The task —
Retype the lines below exactly, but only those from the line that has "チーズドーム 税抜き110円" through the line that has "圖三 〈帶鑲嵌塵拂柄〉局部". Omit every picture.

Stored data
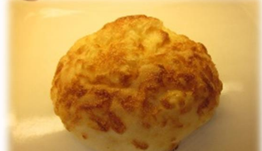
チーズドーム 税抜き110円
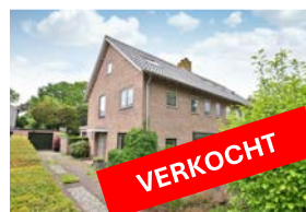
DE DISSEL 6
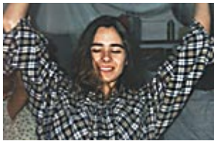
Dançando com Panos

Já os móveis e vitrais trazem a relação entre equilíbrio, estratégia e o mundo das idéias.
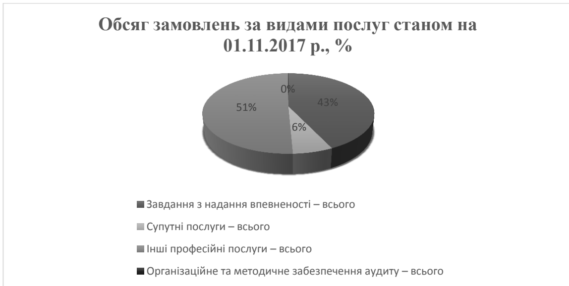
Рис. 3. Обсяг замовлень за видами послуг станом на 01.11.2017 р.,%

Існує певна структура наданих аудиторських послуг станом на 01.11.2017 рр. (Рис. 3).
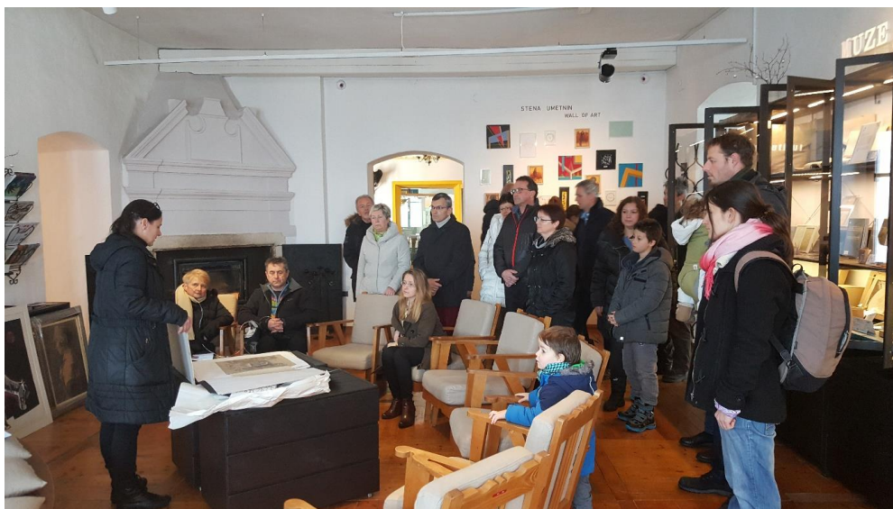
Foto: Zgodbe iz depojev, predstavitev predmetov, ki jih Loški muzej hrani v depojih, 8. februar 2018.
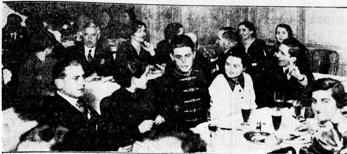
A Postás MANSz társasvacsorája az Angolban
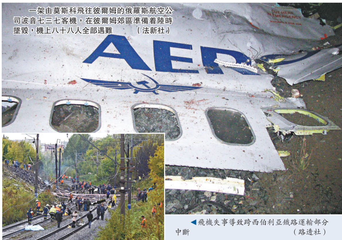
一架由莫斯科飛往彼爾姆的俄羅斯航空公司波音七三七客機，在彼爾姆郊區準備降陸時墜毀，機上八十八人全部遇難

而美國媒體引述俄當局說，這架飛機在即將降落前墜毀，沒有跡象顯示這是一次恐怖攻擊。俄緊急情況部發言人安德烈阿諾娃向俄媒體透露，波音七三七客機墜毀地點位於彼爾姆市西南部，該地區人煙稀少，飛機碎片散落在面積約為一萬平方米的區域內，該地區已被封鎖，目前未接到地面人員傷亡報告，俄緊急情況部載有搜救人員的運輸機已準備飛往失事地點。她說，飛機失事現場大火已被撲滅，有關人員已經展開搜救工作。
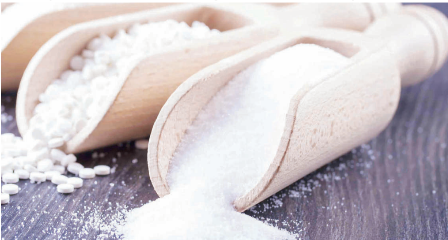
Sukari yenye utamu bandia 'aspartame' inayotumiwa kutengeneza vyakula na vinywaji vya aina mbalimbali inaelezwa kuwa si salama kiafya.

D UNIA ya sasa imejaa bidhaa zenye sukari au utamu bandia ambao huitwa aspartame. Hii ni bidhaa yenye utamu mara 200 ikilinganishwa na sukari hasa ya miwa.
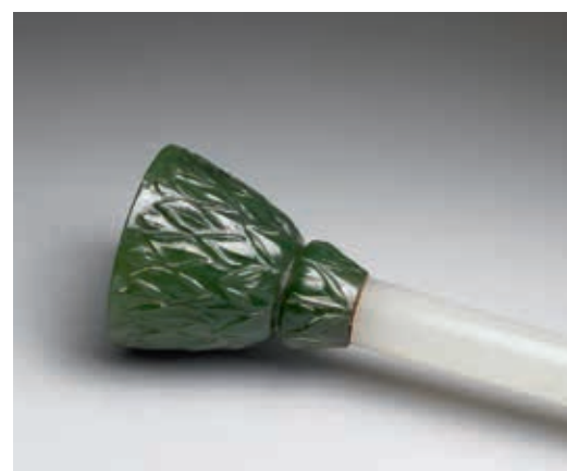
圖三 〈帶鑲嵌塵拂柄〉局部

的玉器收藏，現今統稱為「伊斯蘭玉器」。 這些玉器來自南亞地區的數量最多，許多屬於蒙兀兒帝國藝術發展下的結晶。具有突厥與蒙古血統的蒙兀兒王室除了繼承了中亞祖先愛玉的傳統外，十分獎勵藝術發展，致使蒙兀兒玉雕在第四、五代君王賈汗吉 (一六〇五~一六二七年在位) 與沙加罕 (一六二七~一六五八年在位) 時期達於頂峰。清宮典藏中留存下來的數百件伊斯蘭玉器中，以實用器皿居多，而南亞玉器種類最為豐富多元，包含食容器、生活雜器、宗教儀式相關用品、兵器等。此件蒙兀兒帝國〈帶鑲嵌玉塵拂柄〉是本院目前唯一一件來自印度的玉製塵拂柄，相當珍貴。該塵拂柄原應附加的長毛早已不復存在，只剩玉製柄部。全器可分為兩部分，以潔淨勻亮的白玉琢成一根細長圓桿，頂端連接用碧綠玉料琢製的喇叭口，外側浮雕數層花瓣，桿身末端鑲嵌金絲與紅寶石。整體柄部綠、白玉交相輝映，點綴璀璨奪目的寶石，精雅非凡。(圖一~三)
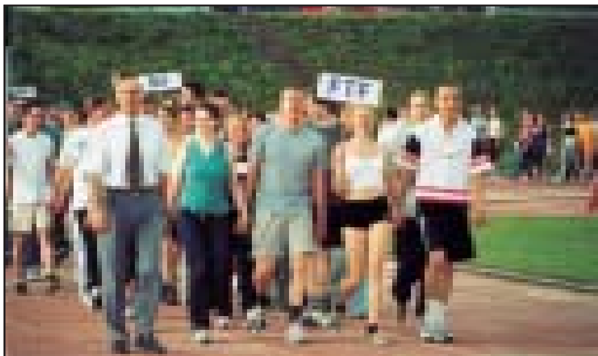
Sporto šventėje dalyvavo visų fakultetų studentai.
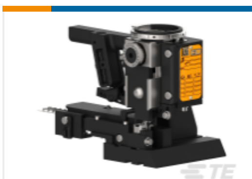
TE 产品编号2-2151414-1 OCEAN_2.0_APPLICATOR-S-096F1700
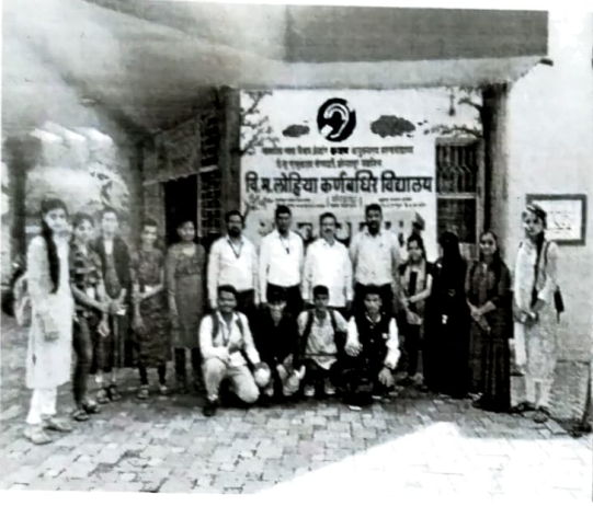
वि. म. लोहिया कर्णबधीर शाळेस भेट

...

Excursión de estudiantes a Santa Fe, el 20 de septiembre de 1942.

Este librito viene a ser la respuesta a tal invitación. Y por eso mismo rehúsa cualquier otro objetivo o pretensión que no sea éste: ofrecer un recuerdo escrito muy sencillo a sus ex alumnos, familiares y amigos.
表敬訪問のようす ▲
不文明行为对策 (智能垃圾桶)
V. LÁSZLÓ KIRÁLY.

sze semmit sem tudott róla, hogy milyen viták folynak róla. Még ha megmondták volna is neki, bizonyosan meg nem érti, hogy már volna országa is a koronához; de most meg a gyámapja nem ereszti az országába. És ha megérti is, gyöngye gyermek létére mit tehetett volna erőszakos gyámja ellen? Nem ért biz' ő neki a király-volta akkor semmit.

Answer for this exercise —
チーズドーム 税抜き110円
DE DISSEL 6
Dançando com Panos

Já os móveis e vitrais trazem a relação entre equilíbrio, estratégia e o mundo das idéias.
Рис. 3. Обсяг замовлень за видами послуг станом на 01.11.2017 р.,%

Існує певна структура наданих аудиторських послуг станом на 01.11.2017 рр. (Рис. 3).
Foto: Zgodbe iz depojev, predstavitev predmetov, ki jih Loški muzej hrani v depojih, 8. februar 2018.
A Postás MANSz társasvacsorája az Angolban
一架由莫斯科飛往彼爾姆的俄羅斯航空公司波音七三七客機，在彼爾姆郊區準備降陸時墜毀，機上八十八人全部遇難

而美國媒體引述俄當局說，這架飛機在即將降落前墜毀，沒有跡象顯示這是一次恐怖攻擊。俄緊急情況部發言人安德烈阿諾娃向俄媒體透露，波音七三七客機墜毀地點位於彼爾姆市西南部，該地區人煙稀少，飛機碎片散落在面積約為一萬平方米的區域內，該地區已被封鎖，目前未接到地面人員傷亡報告，俄緊急情況部載有搜救人員的運輸機已準備飛往失事地點。她說，飛機失事現場大火已被撲滅，有關人員已經展開搜救工作。
Sukari yenye utamu bandia 'aspartame' inayotumiwa kutengeneza vyakula na vinywaji vya aina mbalimbali inaelezwa kuwa si salama kiafya.

D UNIA ya sasa imejaa bidhaa zenye sukari au utamu bandia ambao huitwa aspartame. Hii ni bidhaa yenye utamu mara 200 ikilinganishwa na sukari hasa ya miwa.
圖三 〈帶鑲嵌塵拂柄〉局部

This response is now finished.